IMPLEMENTATION OF EMAIL SPAM DETECTION USING NAÏVE BAYES ALGORITHM AND DECISION TREE J48 TEXT MINING METHOD

  • Rizka Safitri Lutfiyani(1*)
    Universitas Widya Dharma
  • Niken Retnowati(2)
    Universitas Widya Darma Klaten
  • (*) Corresponding Author
Keywords: Text mining, Decision tree, Naïve Bayes

Abstract

Email is quite popular as a digital communication media. This is because the message sending process via email is easy. Unfortunately, most messages in emails are spam emails. Spam is a message that the recipient of the message does not want because spam usually contains advertising messages or fraudulent messages. Ham is the message that the recipient wants. One way to sort these messages is to classify email messages into spam or Ham. Naïve Bayes and decision tree J48 are the algorithms that can be used to classify email messages.

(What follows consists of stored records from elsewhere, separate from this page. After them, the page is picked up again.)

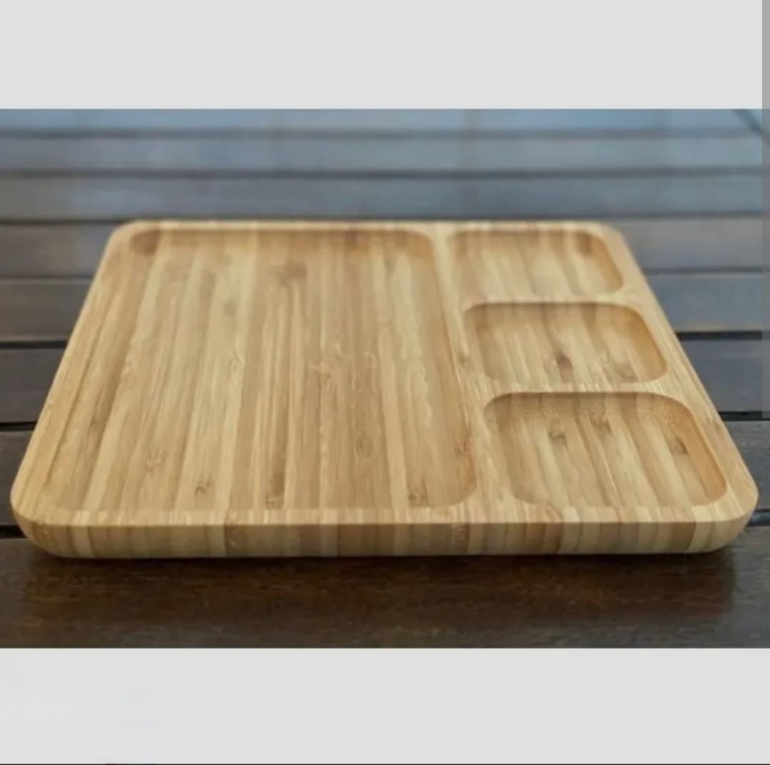 Com design moderno e quatro divisórias, é ideal para servir petiscos, frios, molhos ou acompanhamentos de forma organizada e charmosa. Seu acabamento liso e a coloração natural do bambu valorizam a beleza e a funcionalidade da peça.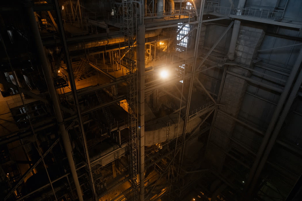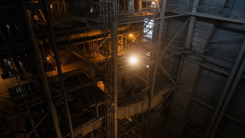 Если щиты управления невелики в силу блочной компоновки станции, то сам главный корпус огромен пропорционально мощности и, как следствие, немалым размерам агрегатов. В машинном зале достаточно пространства не только для шести установленных турбин, но и для ремонтных площадок. Высота котла – 64 метра, отметка обслуживания барабанов находится в 59 метрах от пола. В лифте, на котором мы поднимаемся, ей соответствует кнопка восьмого этажа. Однако высота ощущается совсем не так, как с балкона обычного жилого дома: такое расстояние мозг оценивает совершенно иначе. «На нулевой отметке ездит транспорт, ему не препятствовать», – заранее предупреждает Чернышов. На широких проездах, вокруг которых высятся переплетения металлических конструкций, нам, правда, не попадается ни одной машины. Но, глядя на их размеры, понимаешь, что здесь без труда пройдёт, скажем, самосвал «КамАЗ», подъехавший за сухой золой уноса из расположенных чуть выше бункеров.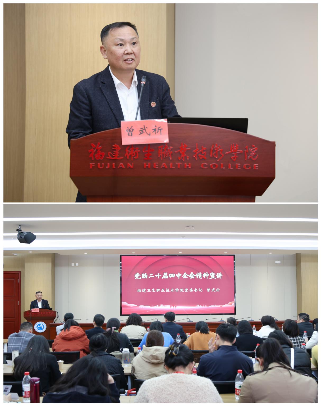 (圖:福建衛(wèi)生職業(yè)技術(shù)學(xué)院校黨委書記曾武祈作黨的二十屆四中全會精神宣講)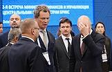 Заключительная встреча министров финансов и управляющих центральными банками стран БРИКС с участием представителей новых стран-членов объединения в "Лотте Отеле". Участники во время встречи.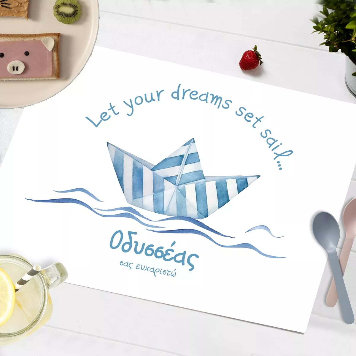 - Ναυτικό θέμα: Η τρυφερή ακουαρέλα με το ριγέ καραβάκι προσδίδει μια αίσθηση ταξιδιού και περιπέτειας.

Therefore, this study aims to compare the effectiveness of the Naïve Bayes algorithm and decision tree J48 in sorting spam emails. The method used is text mining. Data containing the text of the email message in English will be processed before being classified with Naïve Bayes and decision tree J48. The pre-process stage includes tokenization, disposal of stop word lists, stemming, and attribute selection. Furthermore, Data text for email message will be processed using the Naïve Bayes algorithm and decision tree J48. The Naïve Bayes algorithm is a classification algorithm based on Bayesian Decision Theory, while the J48 decision tree algorithm is the development of the ID3 decision tree algorithm. The result of this research is that the decision tree J48 algorithm gets higher accuracy than the Naïve Bayes algorithm. The decision tree J48 algorithm has an accuracy of 93,117% while Naïve Bayes has an accuracy of 88,5284%. The conclusion of this study is that the decision tree J48 algorithm is superior to Naive Bayes for sorting spam emails when viewed from the level of accuracy of each algorithm.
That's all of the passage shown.